Good point! Never thought of that. But with me any LP gas unit, first thing to go in the scrap is a fixed regulator! Adjustable regulator is the only way to go.
Some folk tell me a air regulator works too. Not so sure on that deal.


----------



## DannyTX (Jun 8, 2011)

jblaze said:
			
		

> I'm also confused about SS vs Coated Cast Iron Grates. They both have advantages/ disadvantages, but as far as I can tell:
> 
> SS is easier to maintain (less work to "season" with crisco, see Weber's FAQ to understand more) heats up in less time, but does not retain heat as well as Cast Iron.
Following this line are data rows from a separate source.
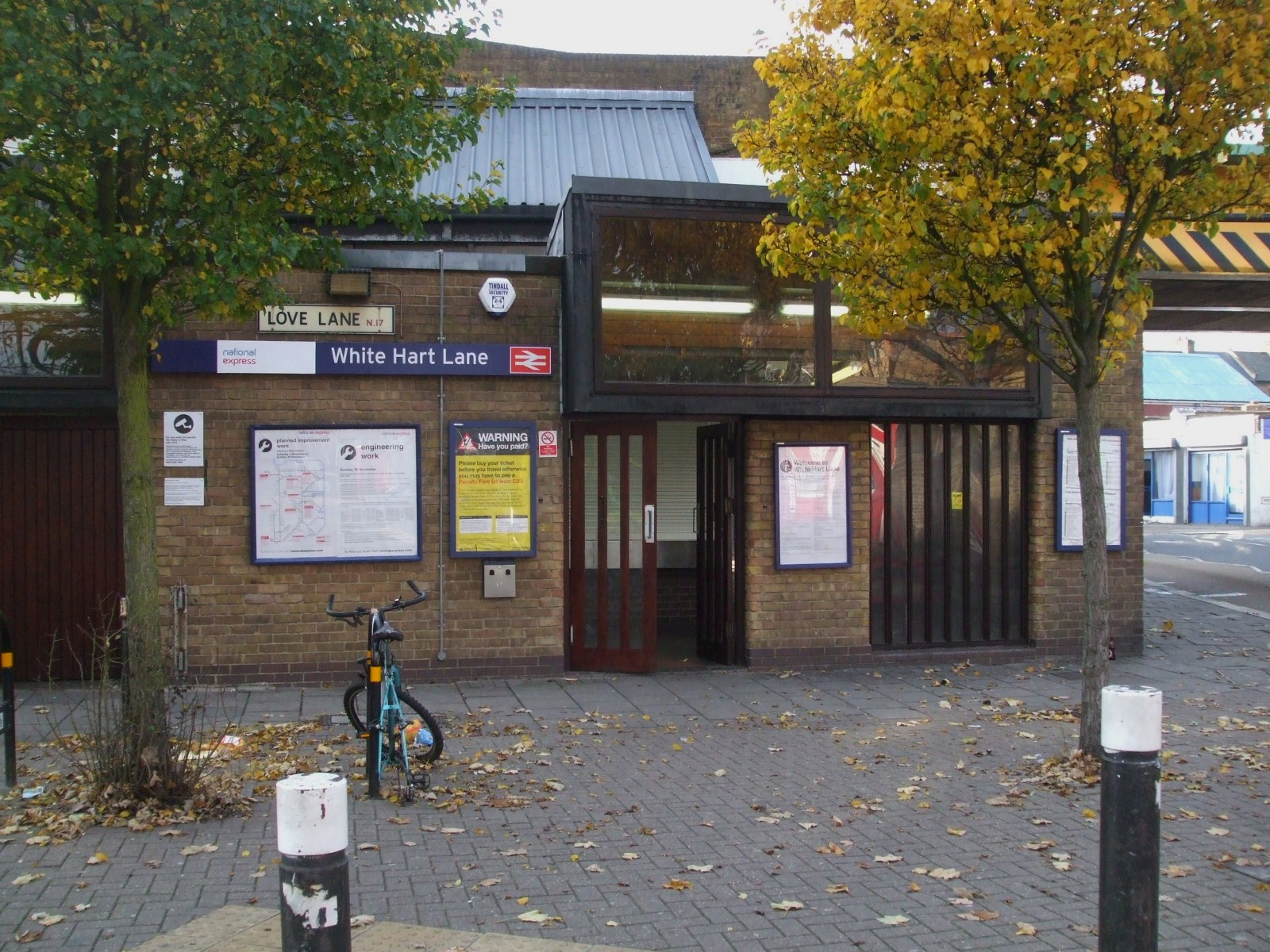 White Hart Lane station entrance on the London-bound side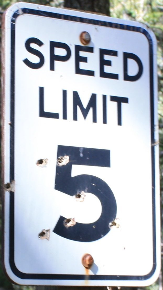 Speed Limit 5, Crabtree Hot Springs, Mendocino National Forest, Lake County, California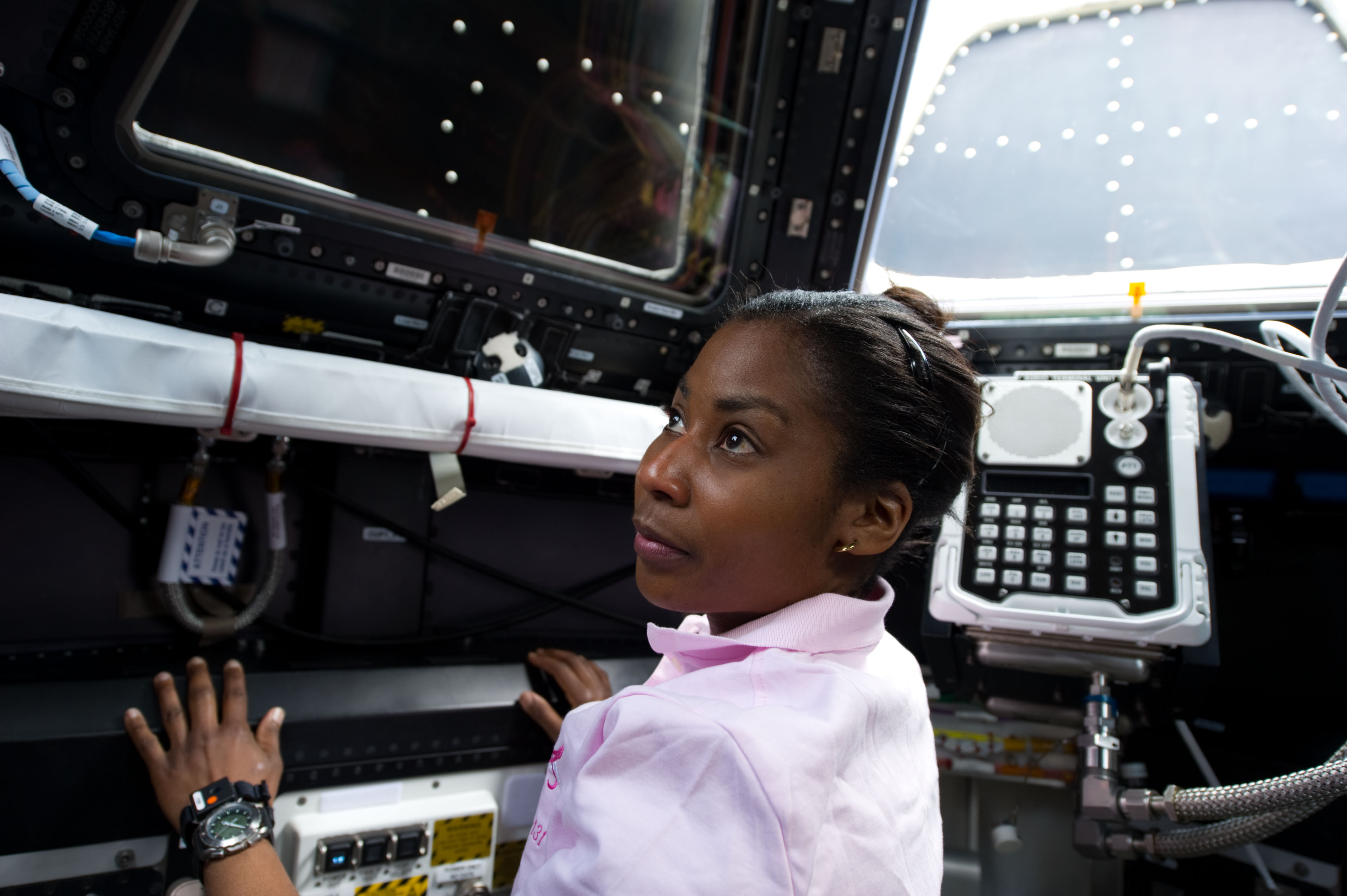 STS-131 astronaut Stephanie Wilson observes the protective shutters of the International Space Station Cupola module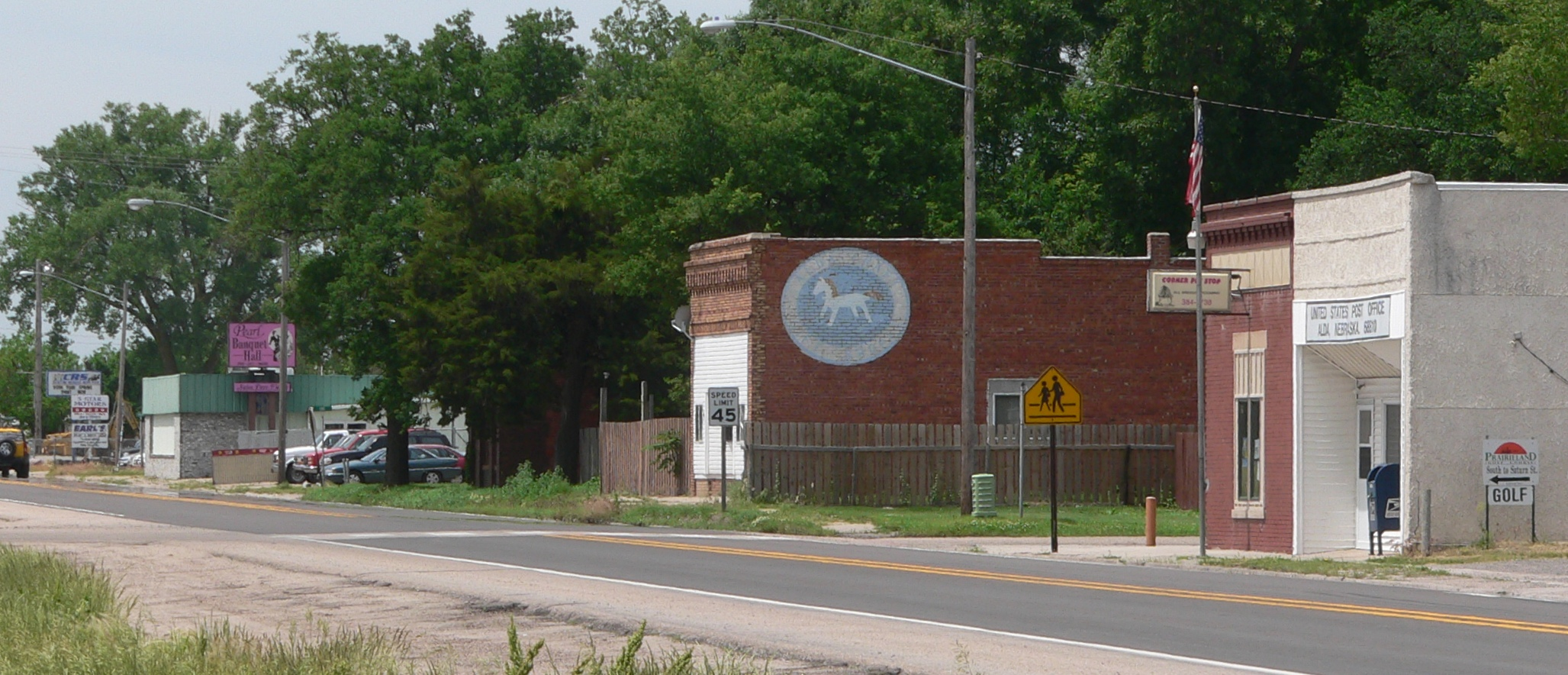 Alda, Nebraska: north side of U.S. Highway 30, looking northwest.

Cast Iron also potentially has more "flavor" as the food stuck to the grates is burned off the next time you grill and this too is part of the seasoning.
> 
> http://help.weber.com/faqs.aspx


If you are maybe thinking of stainless steel as a lifetime material it really is not.  And there may be different grades of stainless.  My twenty-five year old Ducane with stainless racks was bought with a lifetime warranty.  I can tell you that they lost there butts on that warranty before they went out of business or sold out to Weber.  They replaced the stainless rack that held the fake charcoal and the top stainless cooking racks several times.  

I like cast-iron.  But then I guess I should.  I cook everything on a cast-iron Holey Griddle.


----------